During the company’s first quarter ending Sept. 30, net sales in North America climbed 9% to $288.4m year-over-year, or about 3% once adjusted for foreign exchange, acquisitions, divestitures and discontinued brands, helping to offset an expected 20% decline in international net sales, which eases to about a 7% drop after adjustments.
Despite an overall dip of 3% in net sales to $439.4m compared to the same time last year, company executives were upbeat about the remainder of the year in call with investment analysts yesterday and reaffirmed the business’ annual profit guidance with a few “continued caveats” that account for the unusually volatile environment.
“We live in a volatile world, and there are many sources of potential upside and downside based on things outside of our control. The challenge includes currency fluctuations, consumer behavior, recessions, inflation, the Russia-Ukraine war, just to name a few,” CEO Mark Schiller intoned during the company’s Q1 earnings call.

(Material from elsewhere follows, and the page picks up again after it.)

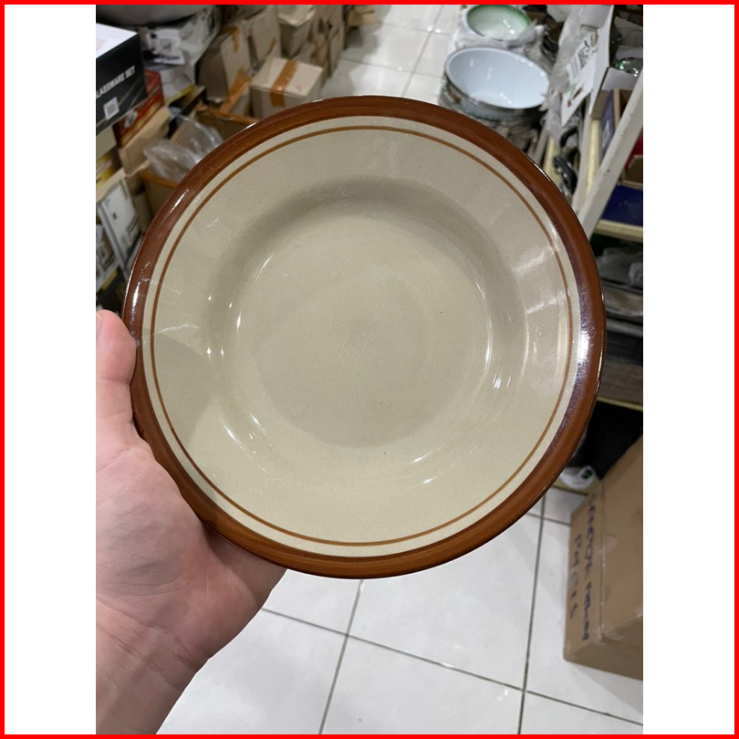 Isi 6 Biji Piring Makan Keramik Coklat Lis Ukuran 8 20 Cm Bubble Wrap

“That said,” he added, “we’re doing a good job controlling the controllables and now have more visibility than we did just a few months ago and are optimistic that we’ll begin to see some normalizing.”
Supply chain improvements, price increases bolster North American sales
He attributed much of the growth in the North American market to improvements in the supply chain for several brands, including Terra, which saw net sales climb 27% in the quarter – the highest for the brand in almost four years – after the resolution of extended supply disruptions. Sensible Portions consumption also grew double-digits, as it has for the past three years, despite some supply challenges in the quarter.

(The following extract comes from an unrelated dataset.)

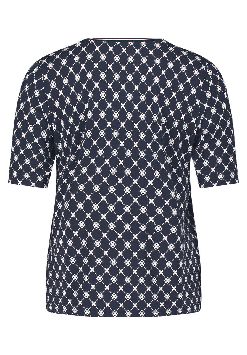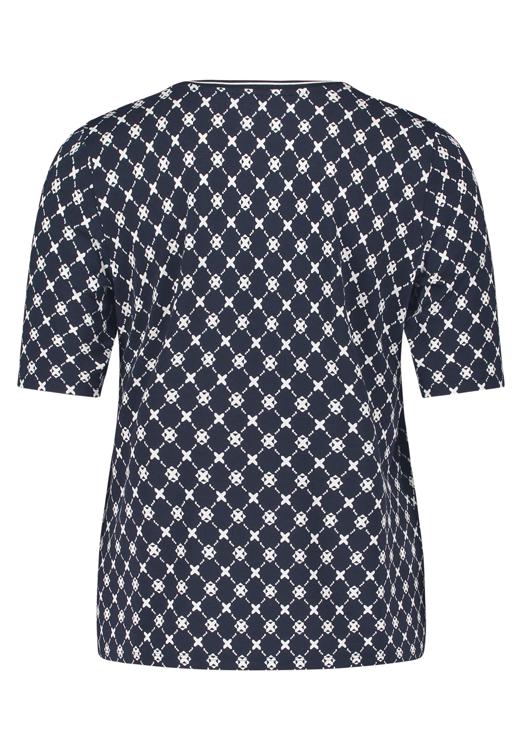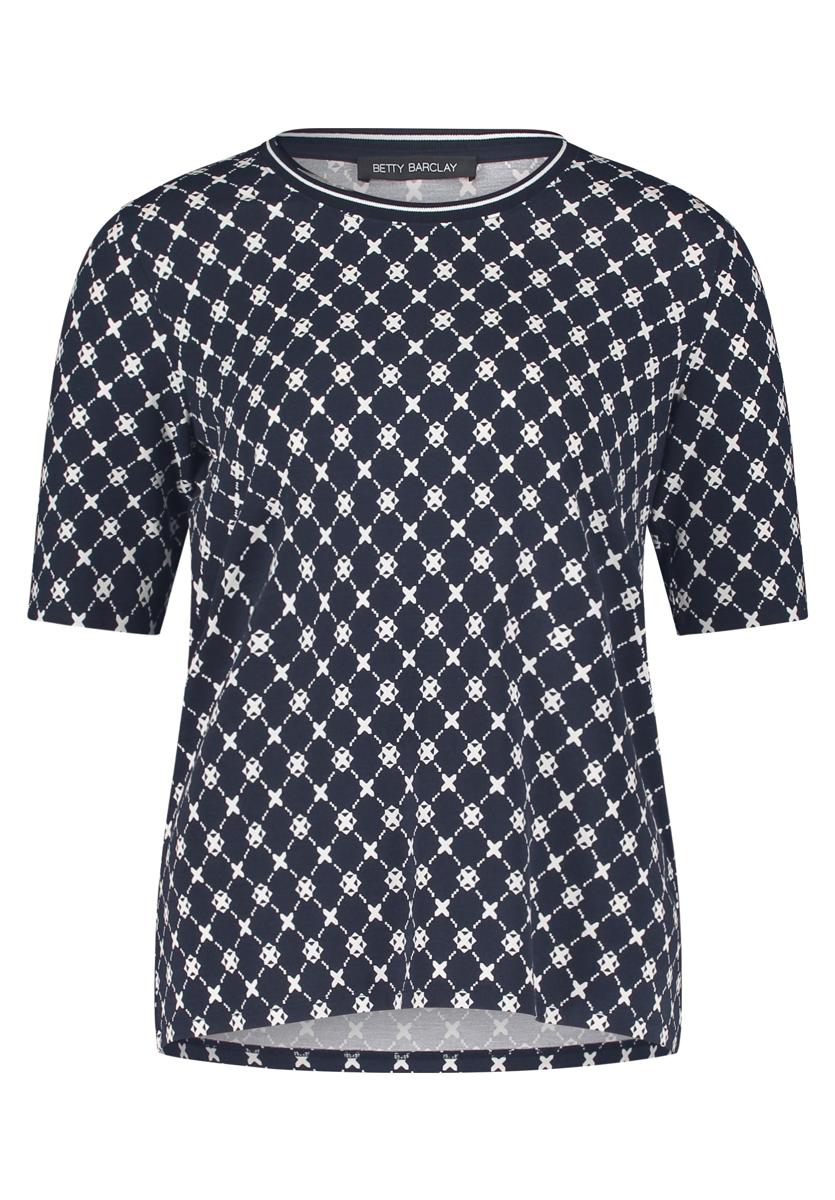 Dit T-Shirt van Betty Barclay is uitgevoerd in een soepele jerseykwaliteit met een all-over grafisch dessin in marine & wit. De ronde hals heeft een smalle, contrasterende bies en het model heeft korte mouwen. Het ontwerp is zonder sluiting, zodat je het gemakkelijk aantrekt. Het rechtvallende silhouet zorgt voor comfortabele draagbaarheid en een verzorgde uitstraling. Een stijlvol kledingstuk binnen de categorie Dames, T-Shirts & Tops van Betty Barclay.

Improvements in Hain Celestial’s internal supply chain, streamlined factories that allow for higher throughput and less waste and more “productivity as resources are freed up from fighting supply issues,” also helped boost the company’s gross margins in North America to 22.7%, a 130-basis point increase from the prior year.
As with other aspects of the business, this helped soften the overall decline in Hain Celestial’s margin, which came in at 8.3%, representing a 210-basis point drop from the prior year.
Finally, Schiller attributed the success in North America to additional pricing during the first quarter and elasticities that “remain relatively low and in line with our planned assumptions.” He added that more pricing is coming across the company’s global portfolio, which should help further bolster the company’s results in the back half of the year.
Q2 could dip before improvements in back half of year
While Schiller is optimistic about the North American business for the full year, and pleased with the Q1 performance, he cautioned it could soften slightly in the second quarter as it laps high demands from the same period last year.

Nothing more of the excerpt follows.